Functions in $\mathcal{L}^p$ i.e. with finite $p$-norm should then be seen as "modification $p$ makes the integral of $f$ finite". In the case of measure spaces were there are no sets with arbitrary small, positive measure or in the case of spaces with finite measure we have the embedding theorems. In those cases, this modifications become linearly ordered, making it more reminiscent of a valuation. In general one at least has the interpolation embedding: $\mathcal{L}^p \cap \mathcal{L}^q \subseteq \mathcal{L}^r$ for any $r \in [p, q]$.

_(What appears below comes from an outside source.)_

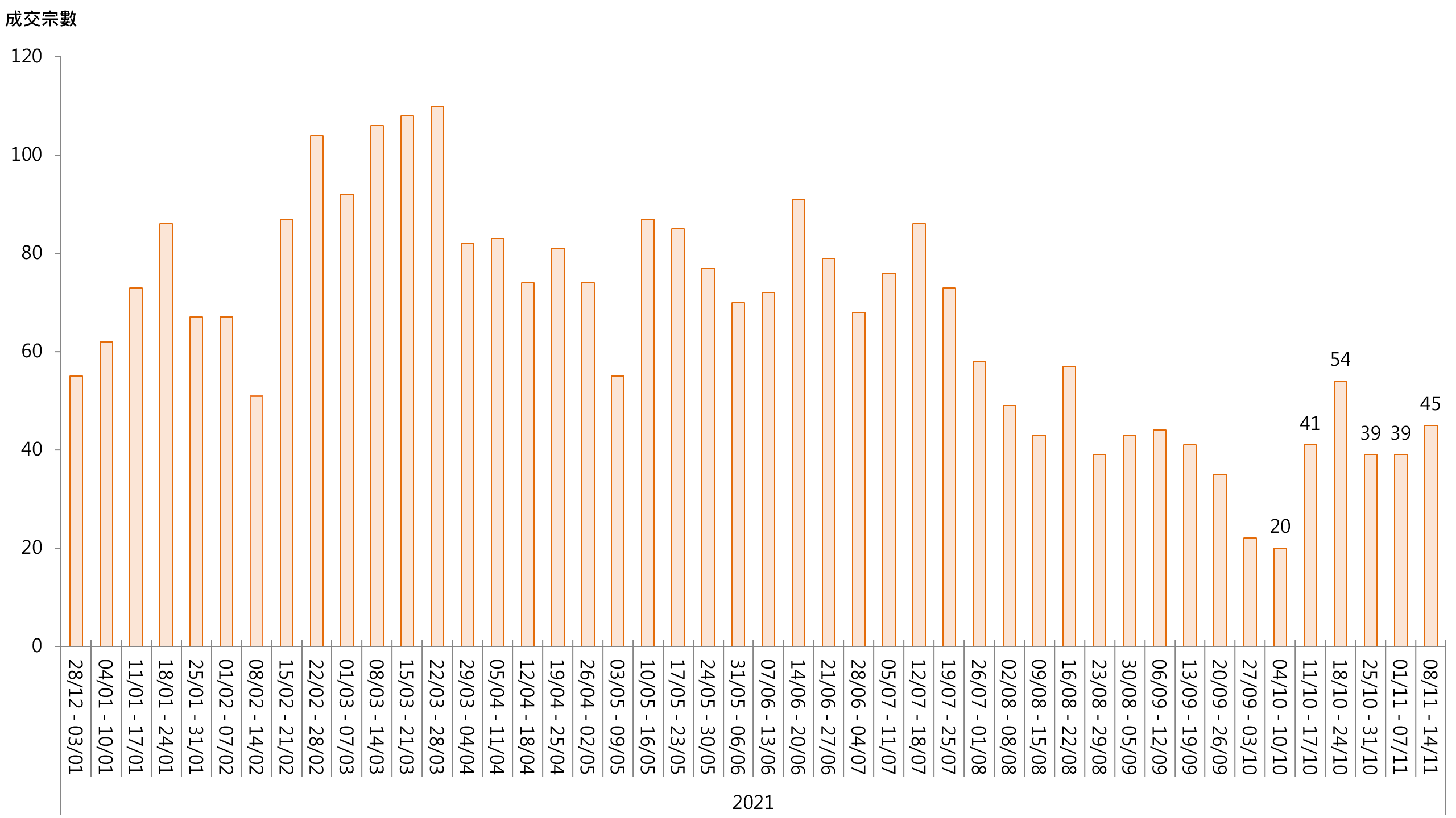 据本行前线分行所录得的数字显示,综合过去一星期(11月8日至11月14日)全港20大主要屋苑二手买卖录45宗成交,较前周(11月1日至11月7日)的39宗增加约15.4%,创近3周新高(见图)。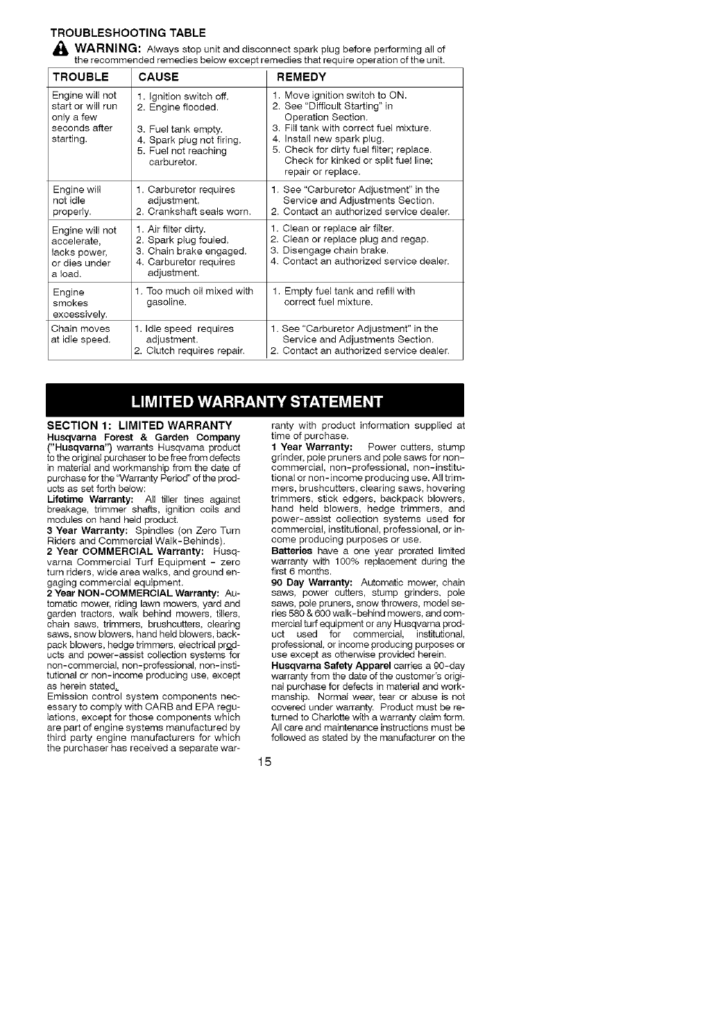Husqvarna 142 User Manual CHAIN SAW Manuals And Guides L0704279

I would like to consider a similar modification scheme for differentiability. Thats is, I am looking for a gradual way to smooth out functions, of which I am able to keep track. My first approach was to consider convolution with functions of certain regularity and then keep track of the regularity of that function. But that seems to be too strong, since convoluting any function with a $C^k$ function yields something in $C^k$. However, I would like to have something like "up to regularity $\alpha$ the convolution is still not differentiable, but convoluting with anything above regularity $\alpha$ makes the convolution differentiable". But I think that convolution with special functions yields the right notion.
I am sure something like this has already been explored by someone at some point? Does it sound familiar to you?
I would very much appreciate any pointers/references.